I’ve spent a lot of time this week thinking about #1 (and those with lots of experience tend to acknowledge there is no single answer for #1). In trying to address what I could filter out, I’ve taken a sort of three-pronged approach:
A. Remove whatever obvious ASVs appear to be contaminants, or, are so much a concern that you don’t want to include them in your dataset further
B. Use positive controls and negative controls to guide background contamination likely due to sequencing artifacts.
C. Consider what whole-sale removal of reads, at some depth, would do to the resulting dataset.

I wrote about points A and B in a previous post. What I wanted to share here is an observation and/or consideration with regards to read depth. At this point, the data I’m working with is exclusively true samples. My ASVs I suspect are contaminants have been removed from the dataset entirely, and any ASV associated with my positive control has been eliminated (the risk of doing that is for another discussion…)
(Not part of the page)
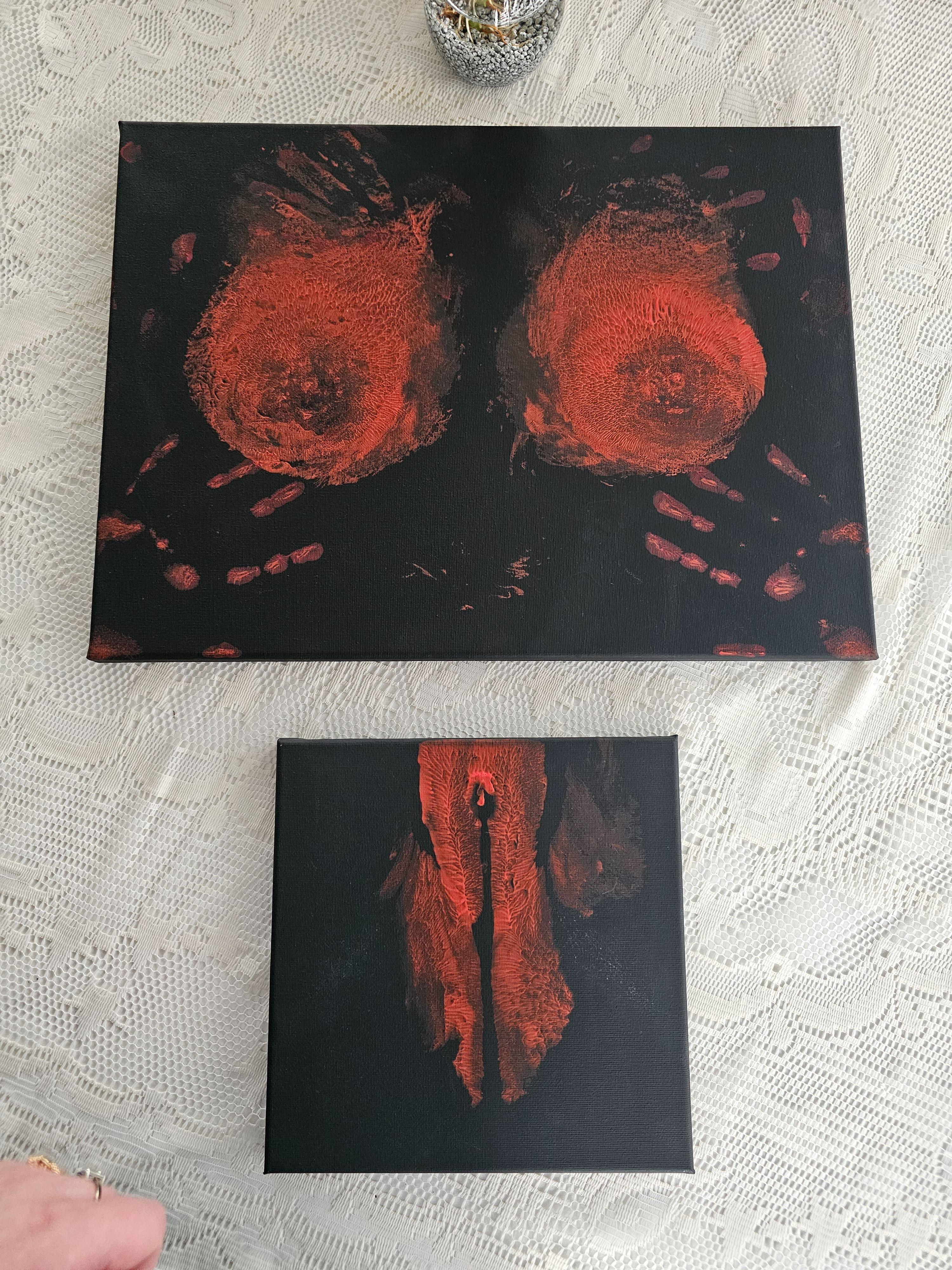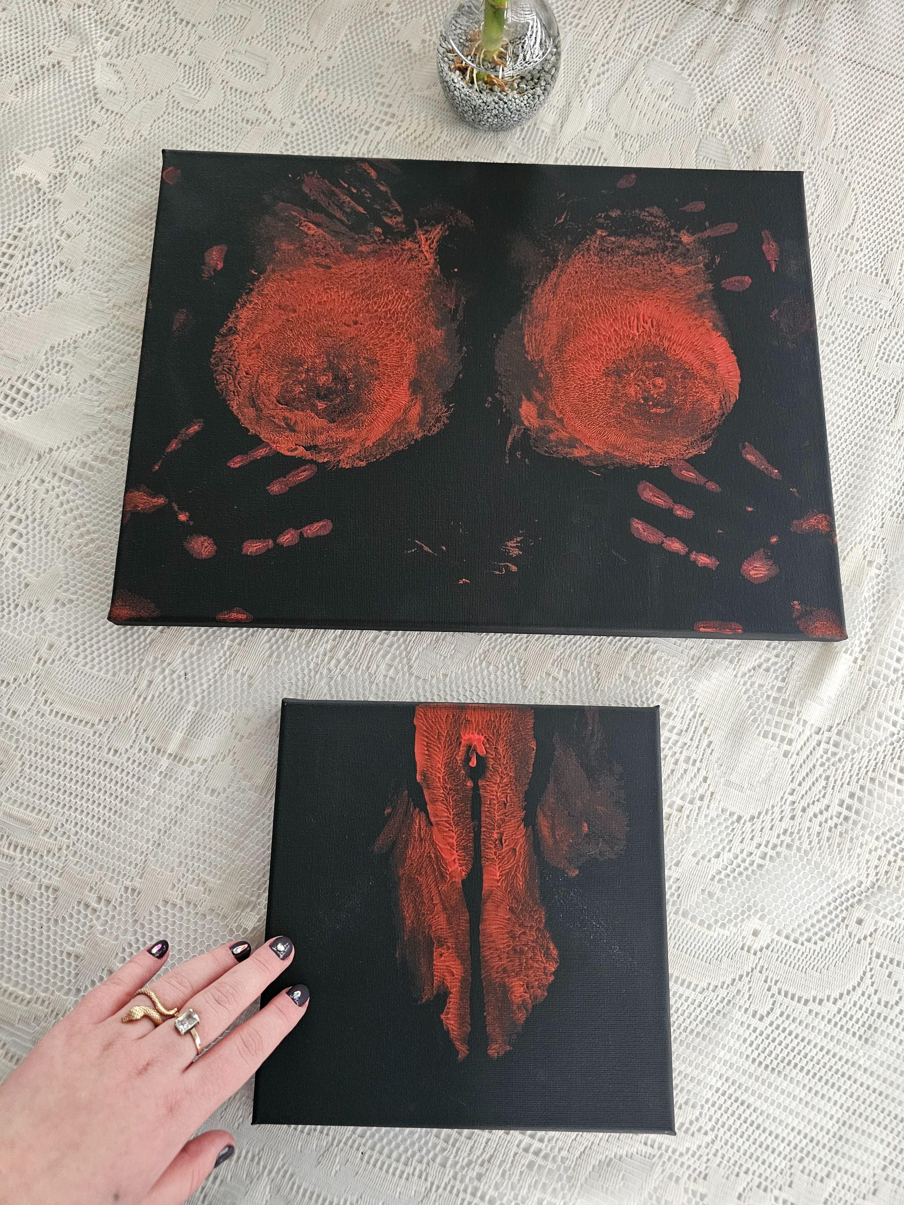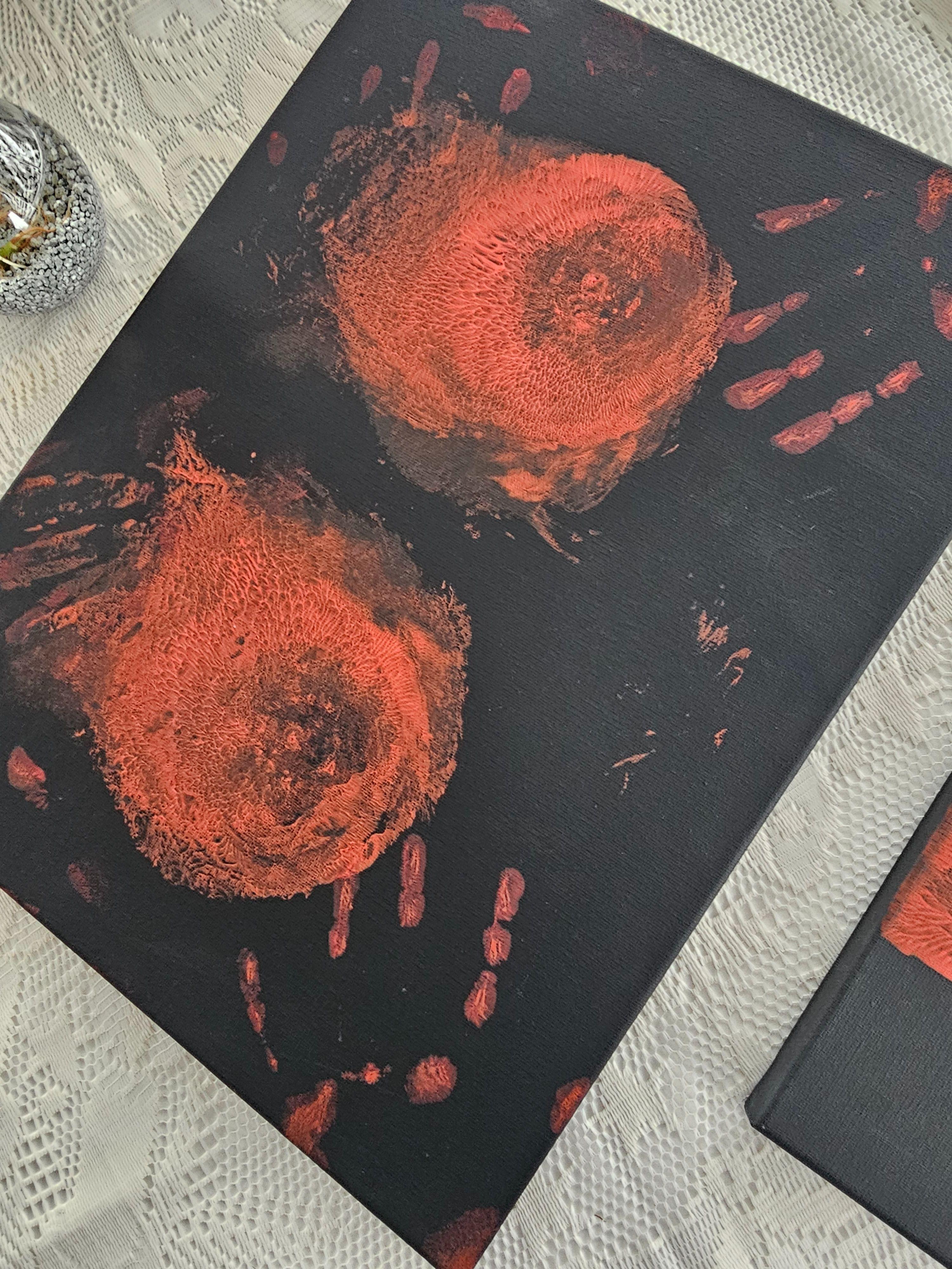 Diese Arbeit ist ein direkter körperlicher Abdruck und wurde nicht mit Pinseln oder Händen gemalt.

I’ve filtered the same dataset with 3 different levels: an observation (element of the OTU matrix) must have either more than 2, 20, or 45 reads. The plot below is generated from these three uniquely-filtered datasets. The plot shows the number of times you expect to observe an ASV N times… so it’s a frequency plot of a frequency… But it’s easy to understand: the left most bar represents the number of times you’d expect to see an ASV just one in the dataset. It’s not a “singleton” read, it’s a singleton ASV, regardless of however many reads were in it. The next bar represents the number of times in a dataset you’d expect to see an ASV in two samples. The third bar is how many times you’d see an ASV in 3 samples, and so on.
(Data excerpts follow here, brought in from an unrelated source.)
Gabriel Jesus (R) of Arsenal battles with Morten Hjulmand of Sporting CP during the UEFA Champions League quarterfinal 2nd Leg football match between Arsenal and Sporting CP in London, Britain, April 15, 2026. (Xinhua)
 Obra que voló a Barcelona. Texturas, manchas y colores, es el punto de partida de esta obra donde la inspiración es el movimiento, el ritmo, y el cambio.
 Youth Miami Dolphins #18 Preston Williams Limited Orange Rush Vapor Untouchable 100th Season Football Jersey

What you can see is that the shape of the distribution really changes as a function of how many reads you trim from each sample. When you remove just 1 read per observation (figure A) you end up with loads a disproportionately greater number of ASVs present just once in the dataset. You also get a lot of ASVs in just two samples. But along the x-axis, it’s sort of flat(ish) until you get out to about 30 or so counts.
In figures B and C, the distributions are steeper - you have a lot greater chance of seeing an ASV in just one or two samples than you do three or four samples, etc. Note that in Figures B and C, we’ve eliminated any element from our OTU table that had fewer than 20 or 45 reads.
One thing I found interesting about that figure: the degree of singletons and doubletons is quite steep in FigureB, but tripletons aren’t. Likewise, in figure C, there is a steep curve only for singletons. I think this speaks to an intuitive feature of what you decide to set your trimming thresholds at: the higher you set that, the more you bias your dataset to towards less rare things (that is, things that are more likely to generate amplicons that are sequenced).
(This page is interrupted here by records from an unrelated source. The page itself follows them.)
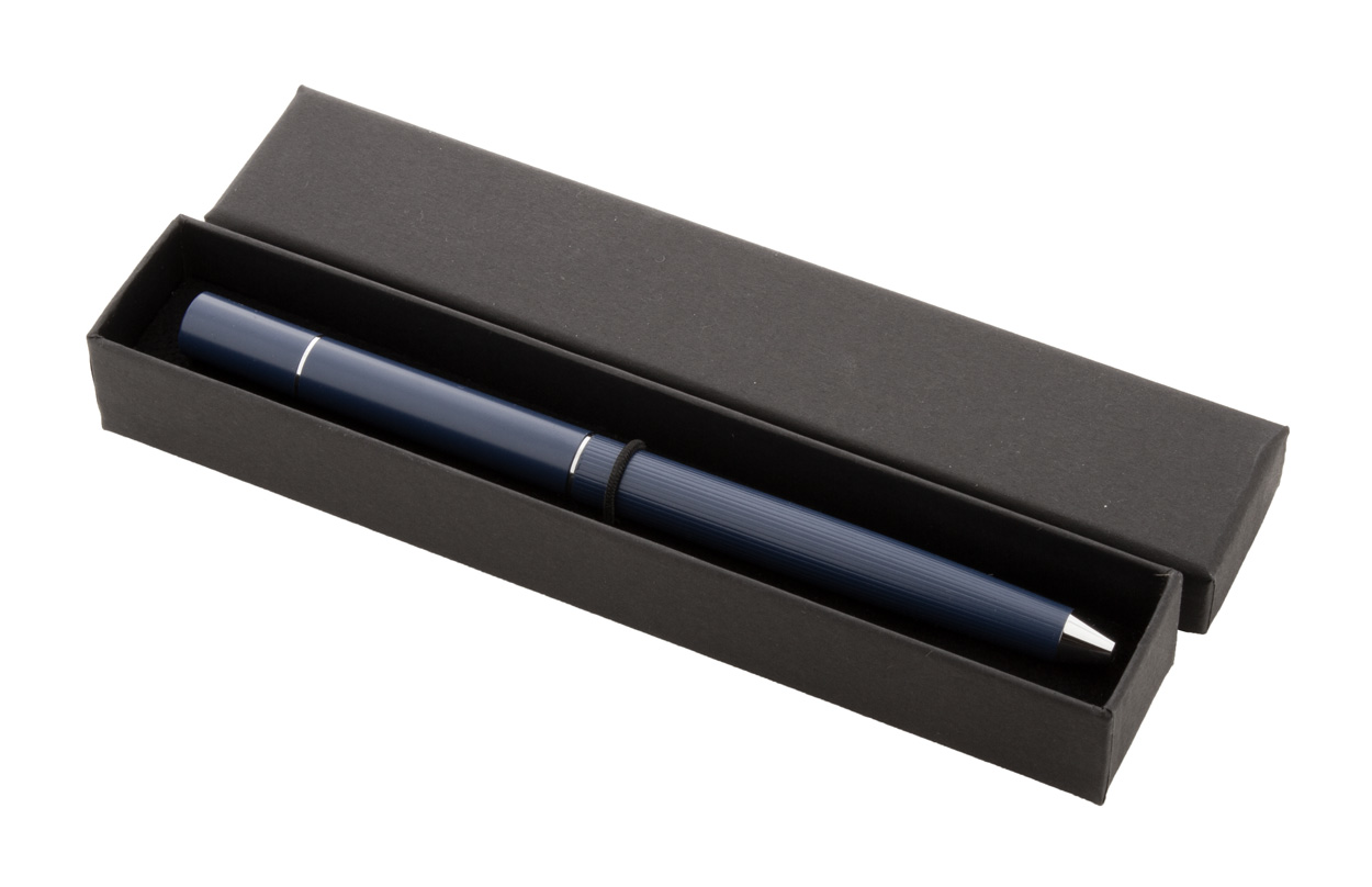 2in1 Drehkugelschreiber (blauschreibend) und tintenloser Stift aus Metall, verpackt in einer schwarzen Geschenkbox. Der tintenlose Stift hat eine Mine aus einer Metalllegierung, die das Papier zum oxidieren bringt.
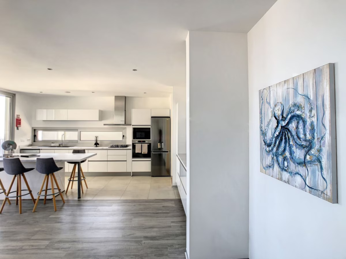 - Comodidades: Acesso à praia, Espaço de trabalho dedicado, Estacionamento gratuito, Cozinha, Vista para o mar, TV, Máquina de lavar roupa, Wifi
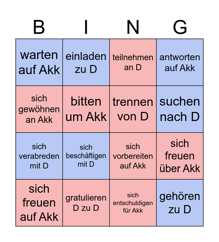 This bingo card has 16 words: gratulieren D zu D, sich freuen über Akk, teilnehmen an D, warten auf Akk, sich verabreden mit D, einladen zu D, sich vorbereiten auf Akk, sich entschuldigen für Akk, sich gewöhnen an Akk, bitten um Akk, sich freuen auf Akk, antworten auf Akk, sich beschäftigen mit D, suchen nach D, trennen von D and gehören zu D.
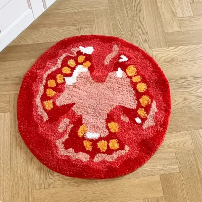 Tappeto trapuntato a forma di frutto di pomodoro, motivo divertente, per soggiorno, ingresso interno, camera da letto, comodino, arredamento morbido

And like @Mehrbod_Estaki (and others!) has noted, the diversity metrics you’re planning on using are impacted by the rarity of your data.

I’ve found QIIME’s interactive plots helpful when thinking about what thresholds to set going into certain diversity tests but I think looking at how distributions of ASV abundances is as interesting as read abundances per sample when it comes to making considerations on whether to remove singletons, doubletons, or twentytons.


(Devon O'rourke) #5

Another way I’ve been thinking about how read depth selection impacts my data is by viewing the distribution of ASVs per sample (rather than the distributions of the frequency/occurrence of the ASV itself).

I was curious if there were sequencing-run-specific effects, so the following plot shows how the distribution of ASVs observed in a given sample shift depending on:

  • what your minimum read abundance/depth is (2, 20, or 45 reads)
  • the sequencing run you were sampled from

Like with the histograms in the previous post, things seem to start harmonizing around N20. There’s a lot of variability in how many ASVs a sample has when we remove an observation with just 1 read; there’s quite a bit less variability when we require at least 20 reads per observation. It’s interesting to me that there is certainly run-specific differences in some, but not most, of the sequencing batches.